• **EXERCISE INSTRUCTIONS**
Retype only what runs from the first line of the records to the line with "Sherri Hill Strapless", inclusive, and no pictures.
───── DATA TO USE
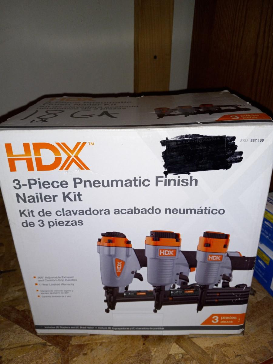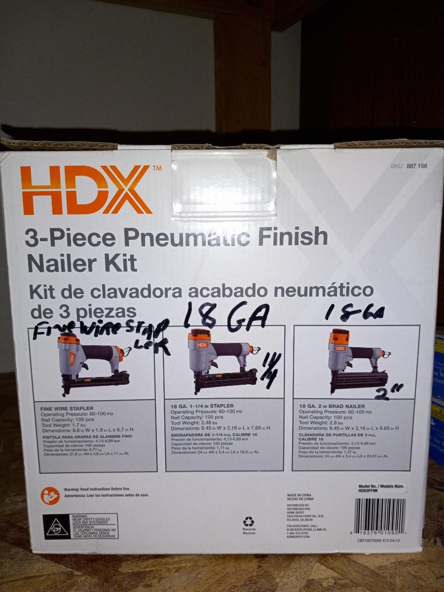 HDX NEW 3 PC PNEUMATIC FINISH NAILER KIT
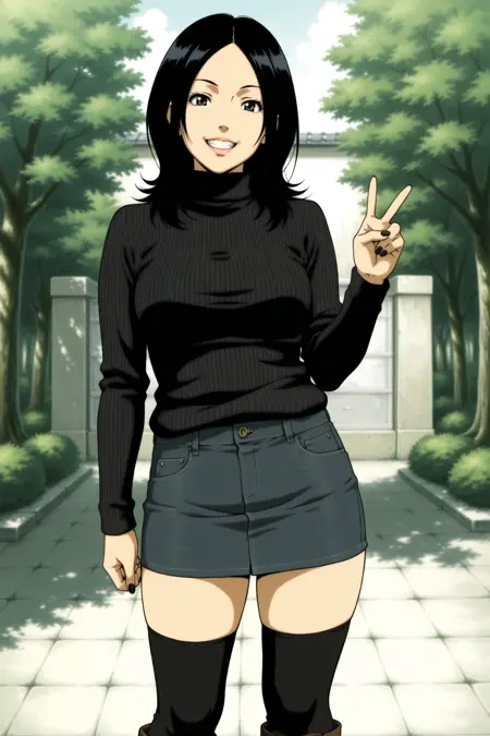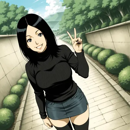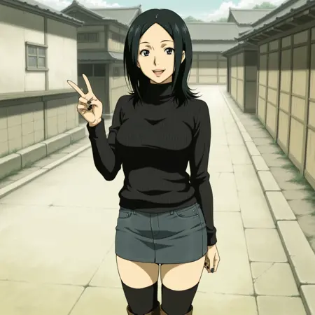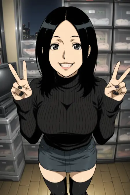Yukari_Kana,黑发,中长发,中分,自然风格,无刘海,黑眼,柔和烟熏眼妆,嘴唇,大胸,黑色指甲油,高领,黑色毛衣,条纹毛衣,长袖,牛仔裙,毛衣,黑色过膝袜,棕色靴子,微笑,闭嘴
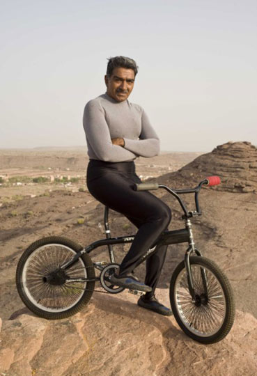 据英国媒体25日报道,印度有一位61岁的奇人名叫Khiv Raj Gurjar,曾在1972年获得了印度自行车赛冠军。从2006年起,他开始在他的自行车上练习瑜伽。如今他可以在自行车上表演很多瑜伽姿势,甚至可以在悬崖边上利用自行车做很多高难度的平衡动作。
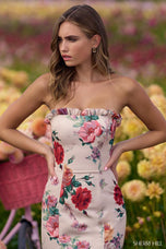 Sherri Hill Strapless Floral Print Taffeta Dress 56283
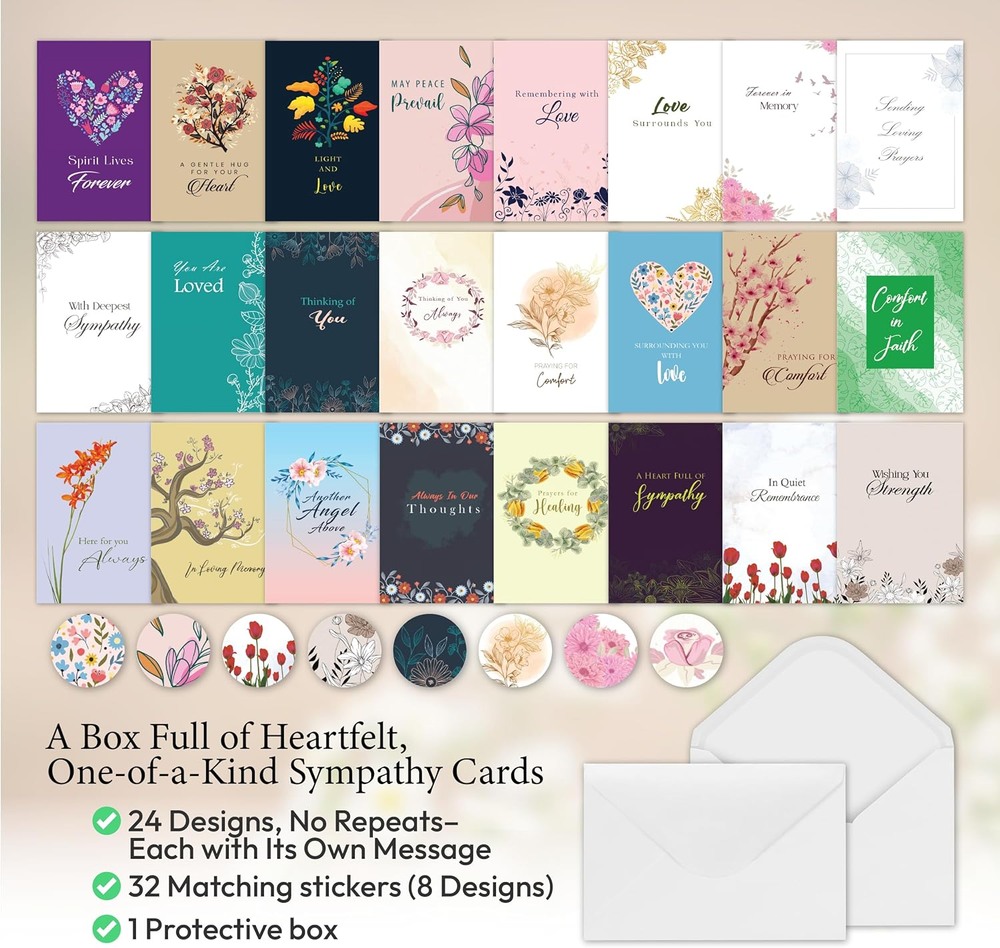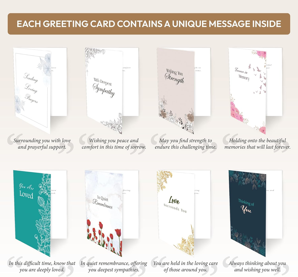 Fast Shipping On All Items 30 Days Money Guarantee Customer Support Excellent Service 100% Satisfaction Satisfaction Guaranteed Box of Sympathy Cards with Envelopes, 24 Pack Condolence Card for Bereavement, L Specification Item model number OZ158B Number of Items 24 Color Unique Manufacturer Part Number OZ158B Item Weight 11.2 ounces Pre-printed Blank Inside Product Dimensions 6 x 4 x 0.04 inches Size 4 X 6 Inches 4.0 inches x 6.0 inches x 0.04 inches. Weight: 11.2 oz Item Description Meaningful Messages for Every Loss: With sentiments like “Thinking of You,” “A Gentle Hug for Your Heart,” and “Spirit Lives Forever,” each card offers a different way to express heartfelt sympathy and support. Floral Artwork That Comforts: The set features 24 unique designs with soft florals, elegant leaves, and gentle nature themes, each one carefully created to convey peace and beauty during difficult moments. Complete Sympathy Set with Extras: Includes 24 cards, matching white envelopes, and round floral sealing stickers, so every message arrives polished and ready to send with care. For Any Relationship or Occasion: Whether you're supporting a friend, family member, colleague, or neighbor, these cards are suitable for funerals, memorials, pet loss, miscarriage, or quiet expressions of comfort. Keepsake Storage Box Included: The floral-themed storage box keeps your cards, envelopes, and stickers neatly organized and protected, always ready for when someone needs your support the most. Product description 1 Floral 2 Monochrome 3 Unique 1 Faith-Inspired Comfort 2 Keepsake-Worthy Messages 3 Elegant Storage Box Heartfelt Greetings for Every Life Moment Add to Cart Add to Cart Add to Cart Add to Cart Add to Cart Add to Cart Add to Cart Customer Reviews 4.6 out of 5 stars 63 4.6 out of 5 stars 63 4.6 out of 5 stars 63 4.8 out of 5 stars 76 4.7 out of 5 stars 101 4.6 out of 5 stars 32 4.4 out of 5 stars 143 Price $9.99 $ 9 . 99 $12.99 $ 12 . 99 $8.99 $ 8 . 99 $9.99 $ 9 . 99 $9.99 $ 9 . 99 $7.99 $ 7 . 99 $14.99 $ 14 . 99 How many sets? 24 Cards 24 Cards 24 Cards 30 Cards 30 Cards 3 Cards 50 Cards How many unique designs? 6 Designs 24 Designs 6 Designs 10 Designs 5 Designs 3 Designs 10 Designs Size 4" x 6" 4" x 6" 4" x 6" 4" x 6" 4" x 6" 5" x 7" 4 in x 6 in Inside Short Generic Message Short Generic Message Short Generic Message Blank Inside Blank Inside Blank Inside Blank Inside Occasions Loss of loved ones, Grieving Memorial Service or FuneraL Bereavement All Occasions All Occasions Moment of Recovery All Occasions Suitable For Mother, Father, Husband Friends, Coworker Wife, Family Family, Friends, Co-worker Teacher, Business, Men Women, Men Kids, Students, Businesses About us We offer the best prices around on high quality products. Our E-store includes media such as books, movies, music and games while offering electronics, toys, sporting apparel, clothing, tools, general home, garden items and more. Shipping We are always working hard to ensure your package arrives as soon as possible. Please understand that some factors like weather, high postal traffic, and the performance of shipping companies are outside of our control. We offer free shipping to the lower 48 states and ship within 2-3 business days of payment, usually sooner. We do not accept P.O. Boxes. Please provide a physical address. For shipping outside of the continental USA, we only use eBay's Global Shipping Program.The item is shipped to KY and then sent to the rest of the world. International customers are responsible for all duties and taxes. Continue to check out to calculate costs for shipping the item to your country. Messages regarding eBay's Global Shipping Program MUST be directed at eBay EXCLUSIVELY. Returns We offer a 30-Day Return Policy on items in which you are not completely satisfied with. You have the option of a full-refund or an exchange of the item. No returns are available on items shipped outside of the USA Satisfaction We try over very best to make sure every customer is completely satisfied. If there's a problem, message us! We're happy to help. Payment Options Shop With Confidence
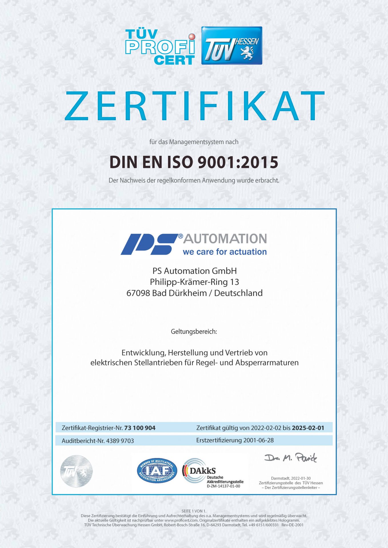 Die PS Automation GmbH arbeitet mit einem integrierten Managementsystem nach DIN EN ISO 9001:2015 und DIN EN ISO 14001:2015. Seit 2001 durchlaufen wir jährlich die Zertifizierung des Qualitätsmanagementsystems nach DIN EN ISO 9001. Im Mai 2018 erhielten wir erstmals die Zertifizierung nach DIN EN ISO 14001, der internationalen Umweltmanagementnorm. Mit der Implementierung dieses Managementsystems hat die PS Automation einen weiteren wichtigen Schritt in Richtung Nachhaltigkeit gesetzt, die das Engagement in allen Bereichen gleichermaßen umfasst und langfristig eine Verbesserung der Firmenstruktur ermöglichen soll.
──────────
• **TASK RESPONSE**
 HDX NEW 3 PC PNEUMATIC FINISH NAILER KIT
Yukari_Kana,黑发,中长发,中分,自然风格,无刘海,黑眼,柔和烟熏眼妆,嘴唇,大胸,黑色指甲油,高领,黑色毛衣,条纹毛衣,长袖,牛仔裙,毛衣,黑色过膝袜,棕色靴子,微笑,闭嘴
 据英国媒体25日报道,印度有一位61岁的奇人名叫Khiv Raj Gurjar,曾在1972年获得了印度自行车赛冠军。从2006年起,他开始在他的自行车上练习瑜伽。如今他可以在自行车上表演很多瑜伽姿势,甚至可以在悬崖边上利用自行车做很多高难度的平衡动作。
 Sherri Hill Strapless Floral Print Taffeta Dress 56283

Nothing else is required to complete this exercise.